* [TASK GOAL] Give again, word for word, the line holding "Son tres los" and every line after it through the end of the data below. Omit pictures.

* [INFORMATION SUPPLIED]
□ □ □ □ □ □ □

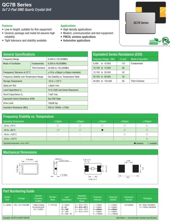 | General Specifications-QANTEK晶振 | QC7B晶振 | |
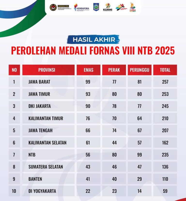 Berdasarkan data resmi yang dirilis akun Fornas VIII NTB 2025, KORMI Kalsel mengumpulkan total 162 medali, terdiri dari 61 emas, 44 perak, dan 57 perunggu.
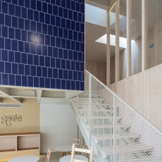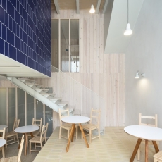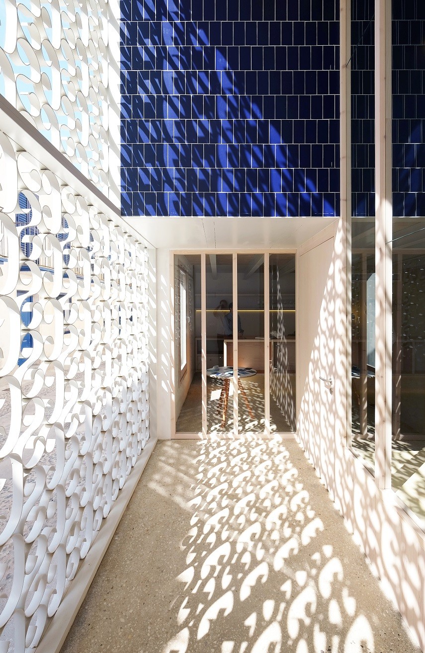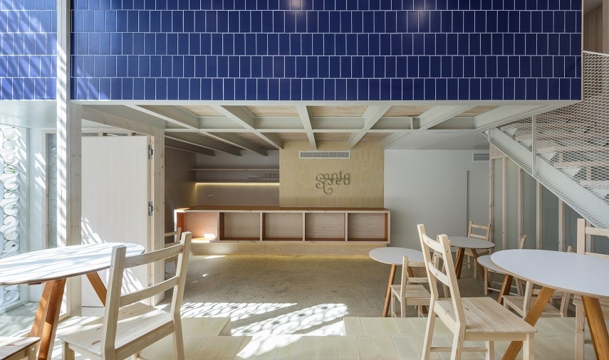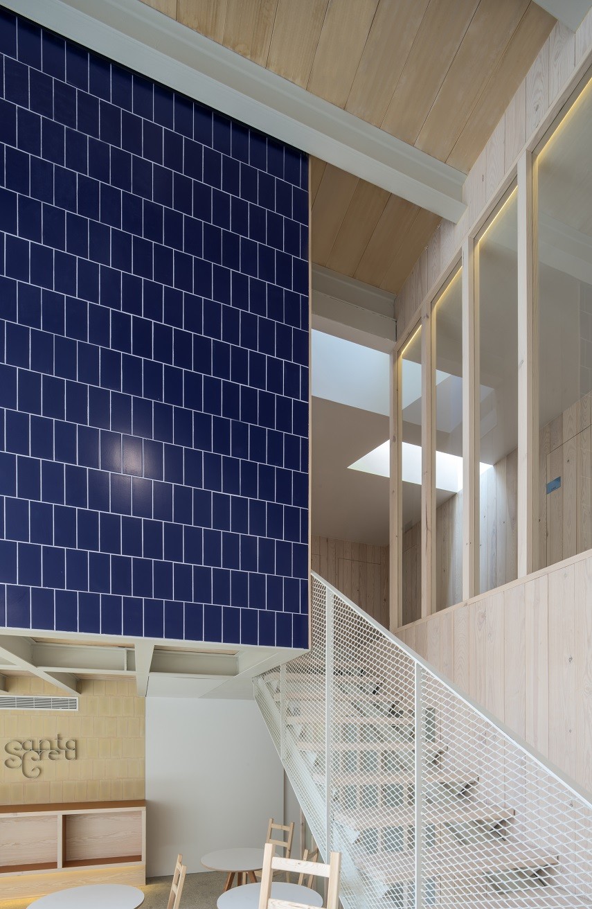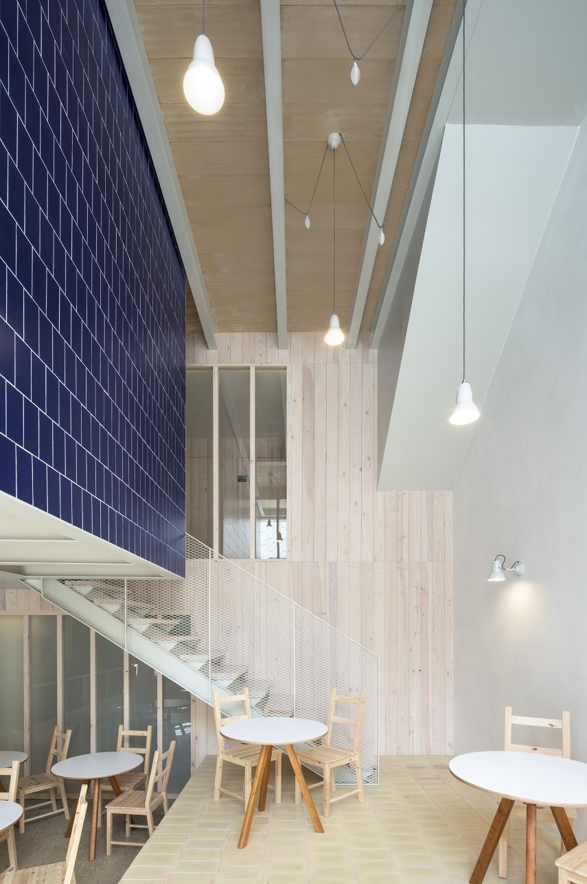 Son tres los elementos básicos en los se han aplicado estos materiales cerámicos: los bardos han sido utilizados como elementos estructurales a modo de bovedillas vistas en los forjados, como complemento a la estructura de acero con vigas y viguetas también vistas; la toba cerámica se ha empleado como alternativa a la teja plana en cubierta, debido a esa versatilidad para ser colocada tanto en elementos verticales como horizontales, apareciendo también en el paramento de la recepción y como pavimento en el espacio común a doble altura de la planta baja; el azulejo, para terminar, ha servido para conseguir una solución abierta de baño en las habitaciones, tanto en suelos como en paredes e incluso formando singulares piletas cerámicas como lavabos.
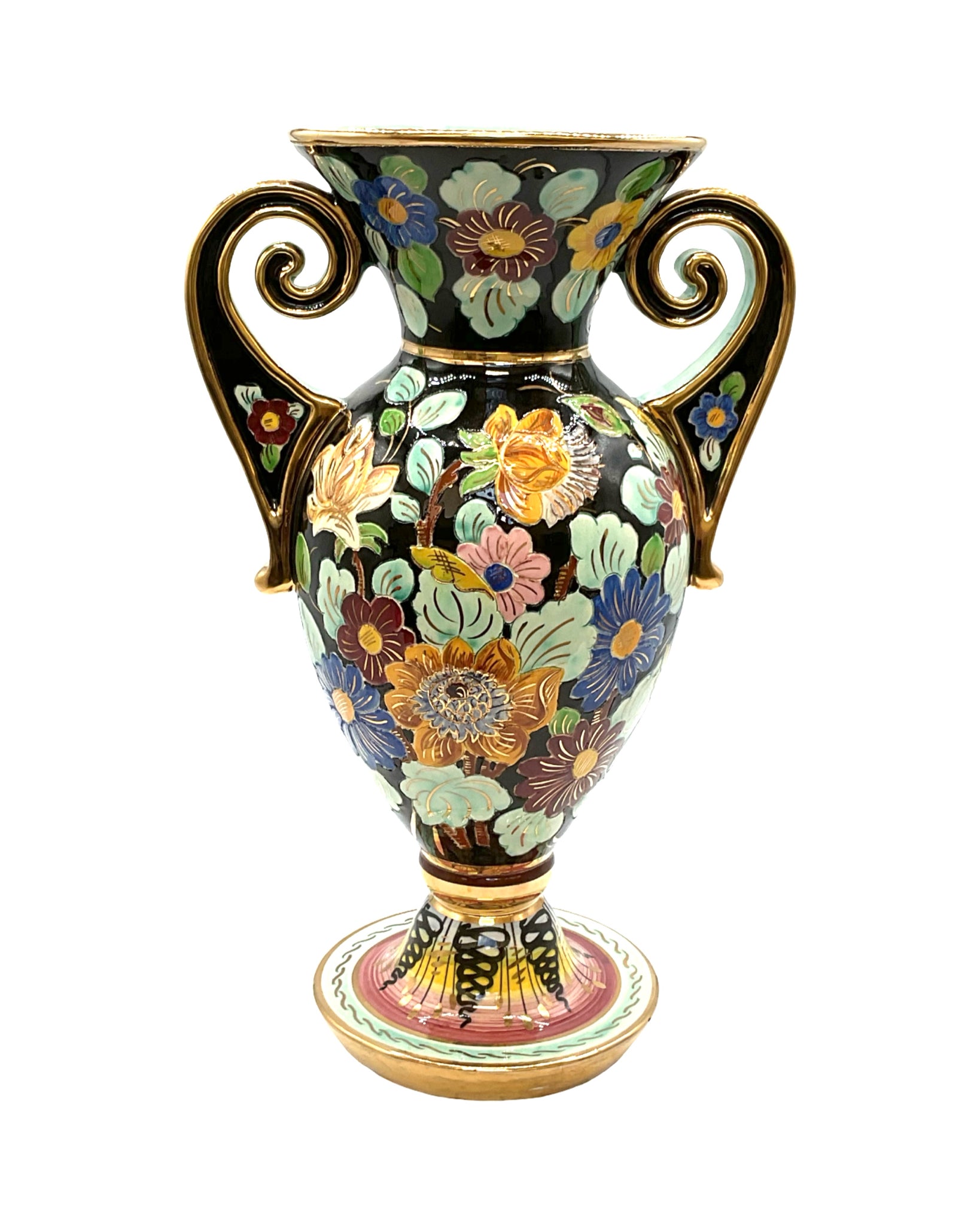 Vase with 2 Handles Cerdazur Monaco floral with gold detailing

□ □ □ □ □ □ □

* [RESPONSE TO THE TASK]
 Son tres los elementos básicos en los se han aplicado estos materiales cerámicos: los bardos han sido utilizados como elementos estructurales a modo de bovedillas vistas en los forjados, como complemento a la estructura de acero con vigas y viguetas también vistas; la toba cerámica se ha empleado como alternativa a la teja plana en cubierta, debido a esa versatilidad para ser colocada tanto en elementos verticales como horizontales, apareciendo también en el paramento de la recepción y como pavimento en el espacio común a doble altura de la planta baja; el azulejo, para terminar, ha servido para conseguir una solución abierta de baño en las habitaciones, tanto en suelos como en paredes e incluso formando singulares piletas cerámicas como lavabos.
 Vase with 2 Handles Cerdazur Monaco floral with gold detailing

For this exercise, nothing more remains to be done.